En février, il a été arrêté au siège du journal à Annaba dans le cadre de la fuite d’un dissident notoire vers la France via Annaba et la Tunisie, malgré l’interdiction de quitter le pays.

Contexte plus large

Le cas de Bendjama est loin d’être unique. Chaque jour, le Comité national pour la libération des détenus (CNLD) – créé en 2019 pour surveiller les détentions à caractère politique – annonce de nouvelles arrestations, procès, libérations et procédures judiciaires.
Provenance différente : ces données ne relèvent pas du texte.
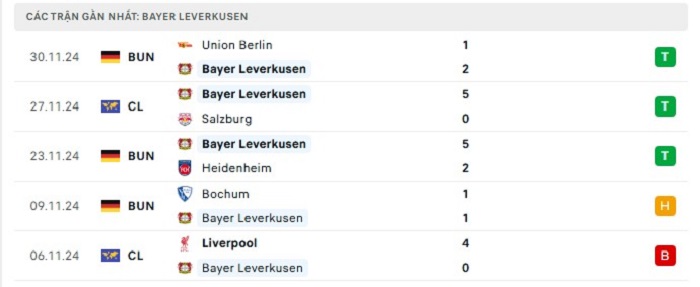 Phong độ gần đây Bayern Munich vs Bayer Leverkusen

Il y en a tellement que certains prisonniers finissent par se perdre dans le système tandis que d’autres ont tellement peur qu’eux et leurs familles refusent de rendre public leur cas par crainte de représailles.

Selon le militant des droits humains Zaki Hannache, il y a actuellement 228 prisonniers d’opinion en Algérie, dont la plupart sont accusés de « terrorisme ».

Au moins 1 200 personnes ont été emprisonnées depuis 2019 en raison de leur participation au Hirak, le mouvement national de protestation en faveur de la démocratie en Algérie, ou en raison de critiques publiées en ligne, a-t-il déclaré.

Un dessin animé appelant à la libération de Mustapha [Freedom for Mustapha Bendjama via Facebook]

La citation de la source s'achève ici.